Records provided:
↓
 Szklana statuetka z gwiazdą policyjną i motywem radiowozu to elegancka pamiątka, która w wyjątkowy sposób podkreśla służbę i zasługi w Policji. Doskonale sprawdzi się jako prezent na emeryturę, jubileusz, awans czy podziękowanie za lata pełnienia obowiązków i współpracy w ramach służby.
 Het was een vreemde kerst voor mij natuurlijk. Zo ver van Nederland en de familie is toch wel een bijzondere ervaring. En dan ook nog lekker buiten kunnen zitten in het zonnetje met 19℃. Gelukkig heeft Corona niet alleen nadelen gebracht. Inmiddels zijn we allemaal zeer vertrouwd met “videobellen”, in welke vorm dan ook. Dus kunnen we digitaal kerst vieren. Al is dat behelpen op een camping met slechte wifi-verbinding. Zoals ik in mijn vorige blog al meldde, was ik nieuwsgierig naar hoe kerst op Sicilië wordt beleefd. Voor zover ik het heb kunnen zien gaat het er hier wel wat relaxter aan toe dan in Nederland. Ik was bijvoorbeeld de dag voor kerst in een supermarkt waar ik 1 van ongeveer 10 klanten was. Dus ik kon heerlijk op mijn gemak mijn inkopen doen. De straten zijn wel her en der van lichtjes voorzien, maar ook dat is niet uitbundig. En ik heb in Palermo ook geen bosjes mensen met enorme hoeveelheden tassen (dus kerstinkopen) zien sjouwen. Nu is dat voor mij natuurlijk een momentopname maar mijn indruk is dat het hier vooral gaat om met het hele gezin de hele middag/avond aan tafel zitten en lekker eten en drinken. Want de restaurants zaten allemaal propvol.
↑
↓
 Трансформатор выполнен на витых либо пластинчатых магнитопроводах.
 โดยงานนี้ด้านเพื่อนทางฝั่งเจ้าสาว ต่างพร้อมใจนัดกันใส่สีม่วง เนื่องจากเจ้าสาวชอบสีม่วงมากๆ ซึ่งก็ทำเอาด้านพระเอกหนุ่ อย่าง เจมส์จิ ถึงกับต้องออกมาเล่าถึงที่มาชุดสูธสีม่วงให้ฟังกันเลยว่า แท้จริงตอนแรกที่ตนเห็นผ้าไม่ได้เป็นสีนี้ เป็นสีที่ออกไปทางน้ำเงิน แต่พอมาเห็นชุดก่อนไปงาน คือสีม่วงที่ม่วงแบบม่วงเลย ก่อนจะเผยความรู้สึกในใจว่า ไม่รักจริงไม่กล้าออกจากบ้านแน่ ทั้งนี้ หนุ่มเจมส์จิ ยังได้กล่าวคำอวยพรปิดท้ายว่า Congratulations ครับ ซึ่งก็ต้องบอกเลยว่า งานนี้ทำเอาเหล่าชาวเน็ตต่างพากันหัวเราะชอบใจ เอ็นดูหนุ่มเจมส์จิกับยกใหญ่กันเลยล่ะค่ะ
↑
↓
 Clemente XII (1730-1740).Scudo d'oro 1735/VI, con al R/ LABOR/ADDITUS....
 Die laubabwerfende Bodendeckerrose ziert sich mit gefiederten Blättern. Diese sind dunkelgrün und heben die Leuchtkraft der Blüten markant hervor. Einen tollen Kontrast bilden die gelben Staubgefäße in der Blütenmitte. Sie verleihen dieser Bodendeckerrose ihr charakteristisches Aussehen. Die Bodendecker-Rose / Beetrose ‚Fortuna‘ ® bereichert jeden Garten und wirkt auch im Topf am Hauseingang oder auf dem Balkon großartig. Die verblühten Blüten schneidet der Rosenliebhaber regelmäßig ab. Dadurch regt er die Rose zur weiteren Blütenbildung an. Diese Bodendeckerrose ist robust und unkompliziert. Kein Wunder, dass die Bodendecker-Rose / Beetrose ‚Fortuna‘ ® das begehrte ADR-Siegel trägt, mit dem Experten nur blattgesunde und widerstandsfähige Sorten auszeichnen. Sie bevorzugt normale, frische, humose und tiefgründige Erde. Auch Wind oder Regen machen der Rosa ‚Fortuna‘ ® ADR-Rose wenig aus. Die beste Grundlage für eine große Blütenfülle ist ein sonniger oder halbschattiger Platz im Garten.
↑
The task:
Copy back the listing above exactly, but only from the line with "Трансформатор выполнен на" through the line with "เนื่องจากเจ้าสาวชอบสีม่วงมากๆ ซึ่งก็ทำเอาด้านพระเอกหนุ่ อย่าง", both ends included.

Expected answer:
 Трансформатор выполнен на витых либо пластинчатых магнитопроводах.
 โดยงานนี้ด้านเพื่อนทางฝั่งเจ้าสาว ต่างพร้อมใจนัดกันใส่สีม่วง เนื่องจากเจ้าสาวชอบสีม่วงมากๆ ซึ่งก็ทำเอาด้านพระเอกหนุ่ อย่าง เจมส์จิ ถึงกับต้องออกมาเล่าถึงที่มาชุดสูธสีม่วงให้ฟังกันเลยว่า แท้จริงตอนแรกที่ตนเห็นผ้าไม่ได้เป็นสีนี้ เป็นสีที่ออกไปทางน้ำเงิน แต่พอมาเห็นชุดก่อนไปงาน คือสีม่วงที่ม่วงแบบม่วงเลย ก่อนจะเผยความรู้สึกในใจว่า ไม่รักจริงไม่กล้าออกจากบ้านแน่ ทั้งนี้ หนุ่มเจมส์จิ ยังได้กล่าวคำอวยพรปิดท้ายว่า Congratulations ครับ ซึ่งก็ต้องบอกเลยว่า งานนี้ทำเอาเหล่าชาวเน็ตต่างพากันหัวเราะชอบใจ เอ็นดูหนุ่มเจมส์จิกับยกใหญ่กันเลยล่ะค่ะ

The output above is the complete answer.